The first negotiation token sent by the initiator contains an ordered 
list of mechanisms, a set of options (e.g. deleg, replay, conf flags) 
that should be supported by the selected mechanism and optionally the 
initial security token for the desired mechanism of the initiator 
(i.e. the first of the list).

The first negotiation token sent by the target contains the result of
the negotiation (accept_completed, accept_incomplete or reject) and,
in case of accept, the agreed security mechanism.
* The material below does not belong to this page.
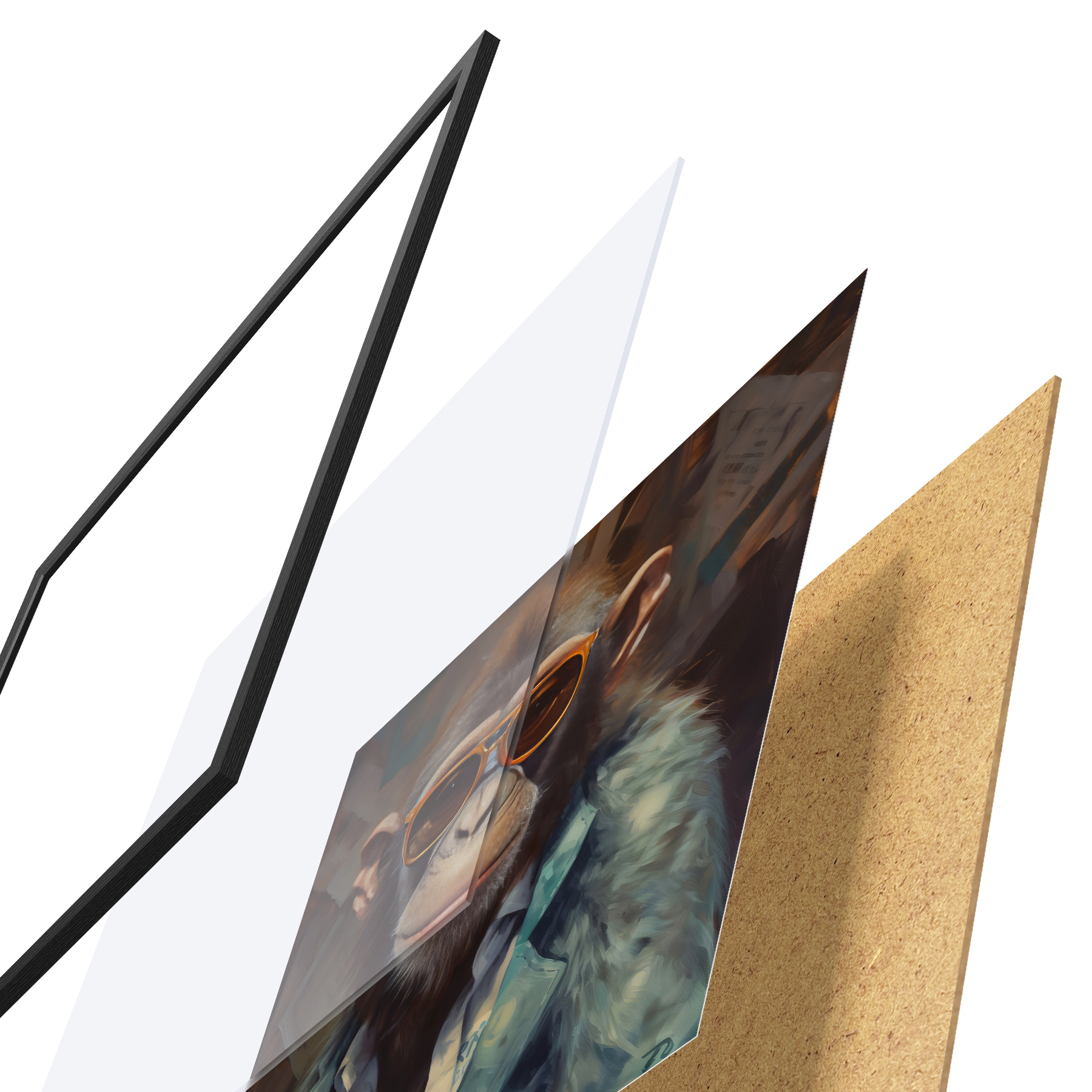 Das Poster besteht aus einem Rahmen, Plexiglas, einem gedruckten Bild und einer Rückwand aus Spanplatten. Dank der Halterungen auf der Rückseite kann das Poster sofort an die Wand gehängt werden.

It may also include
the response to the initial security token from the initiator, when 
the first proposed mechanism of the initiator has been selected. When 
the first mechanism is acceptable to the target,it should respond to 
the initial security token for the desired mechanism of the initiator 
when it is present. However, if this is not possible, the target can 
simply ignore it and omit the responseToken from the first reply. 

Implementations that can piggyback the initial token will be rewarded 
by faster connection setup.

In case of a successful negotiation, the security mechanism represents
the value suitable for the target, and picked up from the list offered
by the initiator.  The policy by which the target chooses a mechanism
is an implementation-specific local matter.  In the absence of other
policy, the target should chose the first mechanism in the list for
which valid credentials are available.

Once a mechanism has been selected, the tokens specific to the 
selected mechanism are carried within the negotiation tokens (in the 
mechToken for the initiator and in the responseToken for the target).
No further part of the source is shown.